但是没几秒,他的动作慢了下来,最后逐渐停止。
岁月的记忆犹如昨日,亦恍若隔世。女孩清澈透亮的眼眸已经变得默然,再无光彩。
新的任务,刺杀马罗城来的党政要员。
子夜的旅馆十分安静,明明还有几个窗口亮着灯,但是却没有任何声响,可见隔音效果不错。
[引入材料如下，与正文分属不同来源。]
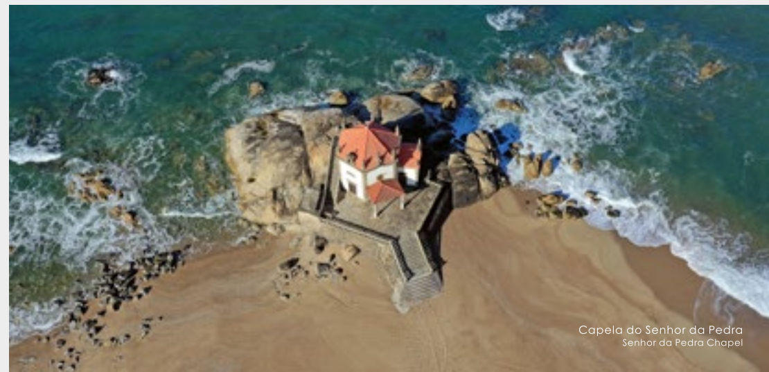
Capela do Senhor da Pedra Senhor da Pedra Chapel

窗帘的有两层,但这间房里只拉上了一层,人已入睡,微弱的光能让人大致分辨出房内的东西,这里安静得一根针下落都能听到。银边镶嵌的衣柜门缓缓打开,因为事先动过手脚而没有发出任何声音。
她夜视能力很强,看了眼床上裹在被子里的人,轻巧地从衣柜里跃出,毫无声响的落地,身形下一秒就已经闪到了床沿。
床上的人侧身躺着,面朝另一边,她缓缓抬起手,五指伸直手腕一震,袖剑从掌心的位置直刺而出,她下手狠厉果断,毫不迟疑地划向要员的脖子。
利刃将要擦到床上这人劲动脉之时,此人却突然朝后抬起了手肘,准确又迅速地打到她的关节处,整条手臂竟猛然生出一阵麻意,一瞬间完全失力。
袖剑直刺的角度直接偏离,割破了被单,如此精准的泄力使她惊愕。
不对,这绝不是什么要员!
意识到的时候,那人双手拖住她手臂往旁一扯,借力翻身而起,手在床头柜边一抹,抓起了什么东西只听到“咔哒”一声,他已起身立于窗前的位置,持枪对着她。
“谁?”
只此一字,冰冷透骨,却如此熟悉。
似曾相识的声音一瞬在她脑海里泛滥开来,仿佛一支利箭破开了深深的记忆封尘,穿透了她整个灵魂直击入心房最柔软的位置。
记忆中那个倒在蓝花楹下的人,满身是血。
是他!
她睁大双眼抬起头,由于过度的震惊完全愣在原地,视线久久停留在他身上,拼命从脑海里翻出那个回忆中的身形。眼里是不敢相信,他和那时一样的语调一样的质问一样的警惕,的确是他……她看不清,但是感觉的到。
手中袖剑逐渐放下,她不由自主的上前一步,却换来对方枪口直接指向了她的脑袋。
她停住了,刹那间喜悦,悲伤,怀念,委屈交织地混在一起,还有那从心口逐渐蔓延开的苦涩。
是说不清,道不尽的那种苦涩。
那么久,那么久,她那么想找他,而如今他就这么站在自己面前,在这马罗城中的旅馆内。窗外运河边有货船经过,微弱的光打过来把他的身影显现了些,就和那时一样,好像没有任何变化。身后一直随身的□□抵着她的腰间,清晰的触感让人突然很难受,她突然好想问问他,你有没有回过斯奇城?
你过得好不好?
……你有没有……想过我?
她张开嘴,想发出一些声音,可是话到喉间出来的却只是一些气流,没有一丝一毫的声响。表情有些微征,下一刻她才意识到,是啊……嗓子坏了。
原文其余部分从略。